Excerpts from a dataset

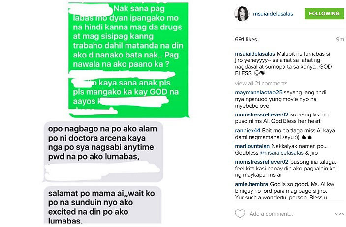 In the text message, Ai-Ai had asked Jiro to promise that he will not turn to drugs and instead work hard. “Opo, nagbago na po ako,” Jiro replied, saying his doctors thought so too, and that’s why he’s been allowed him to check out of the facility.
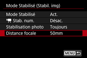 La stabilisation d'image d'après la distance focale de l'objectif que vous avez spécifiée est possible en réglant la distance focale si vous utilisez un objectif ne prenant pas en charge la communication d'objectif.
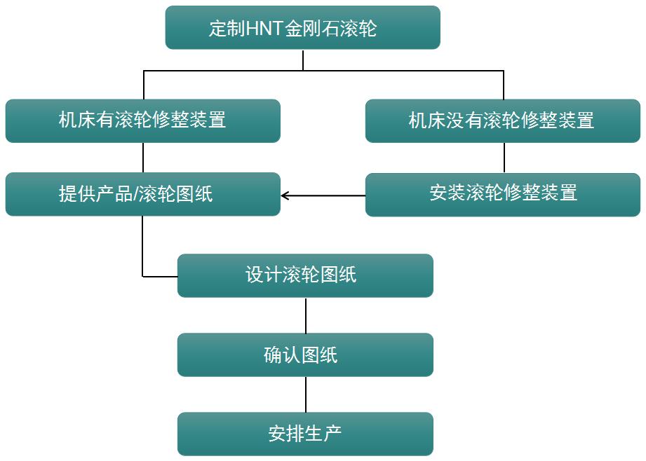 HNT金剛石滾輪的定制流程簡單分為兩類,一類是有圖紙,一類是沒有圖紙。具體流程如下圖。
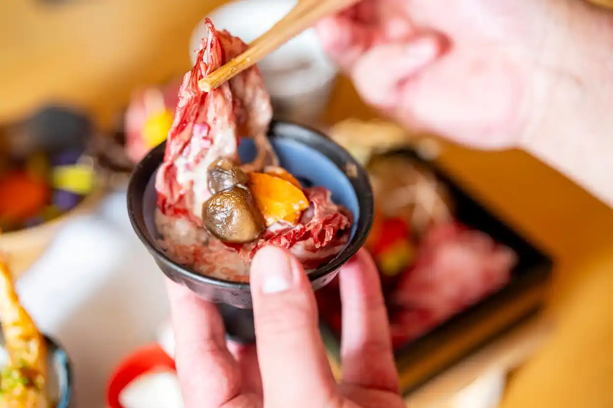 霜降りの旨みと脂の甘みが出汁に溶け込み、一口ごとにとろけるような贅沢な味わいが広がります。 |
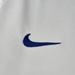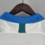A terceira camisa comemorativa do Brasil é totalmente branca e traz detalhes azuis na gola polo, em um detalhe triangular na parte frontal da mesma.
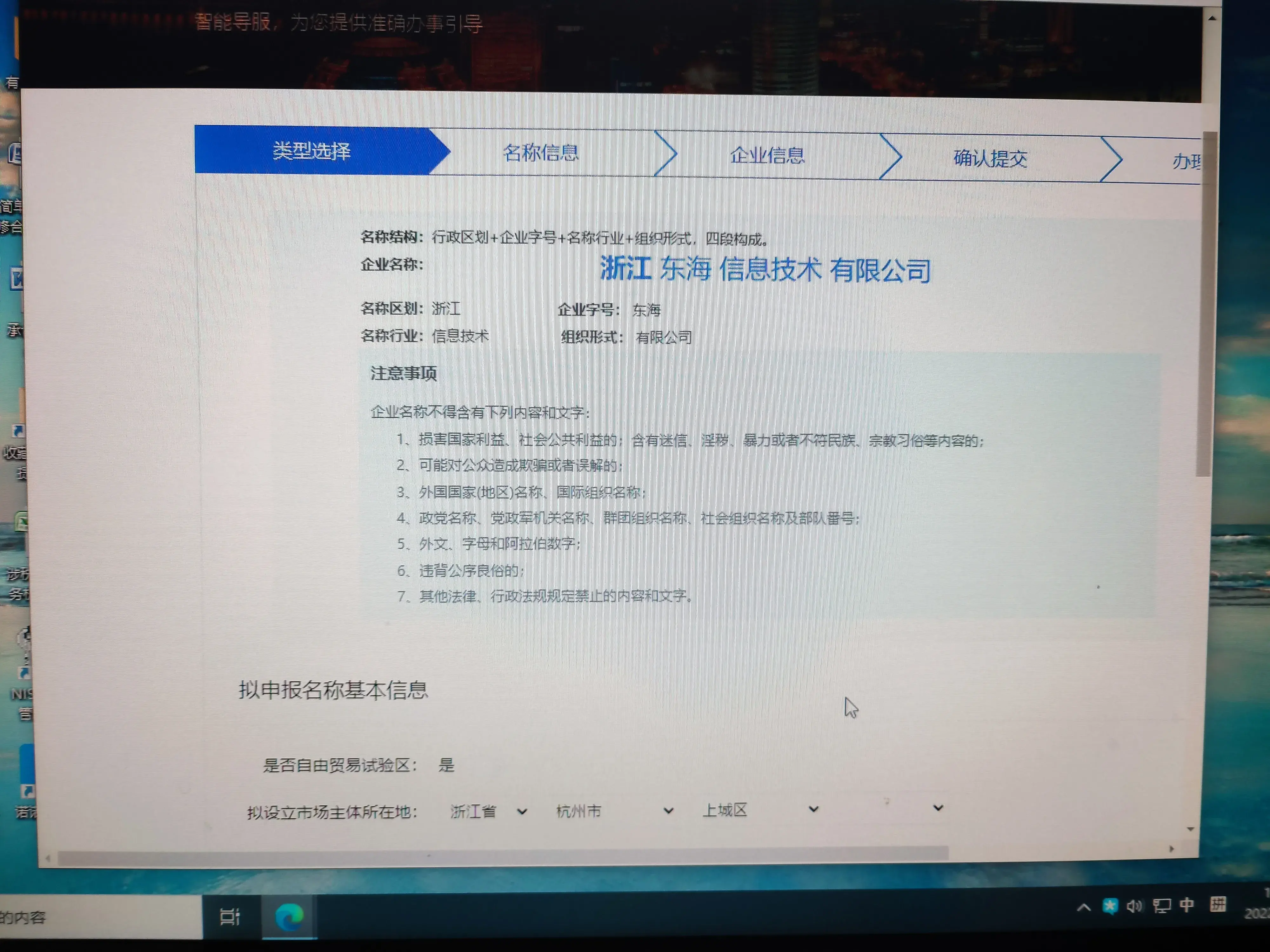 4、公司名称按网上的格式填好,格式是分行业固定的,只需要定下别人“格力”“奥克斯”这样的名字就可以了。
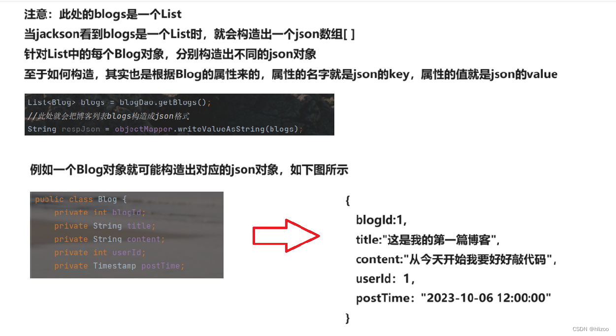 package api; import com.fasterxml.jackson.databind.ObjectMapper; import dao.Blog; import dao.BlogDao; import javax.servlet.ServletException; import javax.servlet.annotation.WebServlet; import javax.servlet.http.HttpServlet; import javax.servlet.http.HttpServletRequest; import javax.servlet.http.HttpServletResponse; import java.io.IOException; import java.util.List; //因为上述前后端交互接口中我们已经约定了方法是GET,路径是blog,因此这里我们得遵守约定 @WebServlet("/blog") public class BlogServlet extends HttpServlet { //定义ObjectMapper对象,这是jackson库,我们用它来解析或者组织JSON格式数据 private ObjectMapper objectMapper = new ObjectMapper(); @Override protected void doGet(HttpServletRequest req, HttpServletResponse resp) throws ServletException, IOException { //此处的工作:查询数据库,获取到数据库中的数据之后,构造成要求的json格式并返回 BlogDao blogDao = new BlogDao(); List<Blog> blogs = blogDao.getBlogs(); //此处就会把博客列表blogs构造成json格式 String respJson = objectMapper.writeValueAsString(blogs); //写到响应并返回 resp.setContentType("application/json;charset=utf8"); resp.getWriter().write(respJson); } }

## What this task involves
From the entries above, copy exactly the lines starting at the one with "霜降りの旨みと脂の甘みが出汁" and stopping at the one with "4、公司名称按网上的格式填好", keeping both ends. Drop the pictures.

## Reply
 霜降りの旨みと脂の甘みが出汁に溶け込み、一口ごとにとろけるような贅沢な味わいが広がります。 |
A terceira camisa comemorativa do Brasil é totalmente branca e traz detalhes azuis na gola polo, em um detalhe triangular na parte frontal da mesma.
 4、公司名称按网上的格式填好,格式是分行业固定的,只需要定下别人“格力”“奥克斯”这样的名字就可以了。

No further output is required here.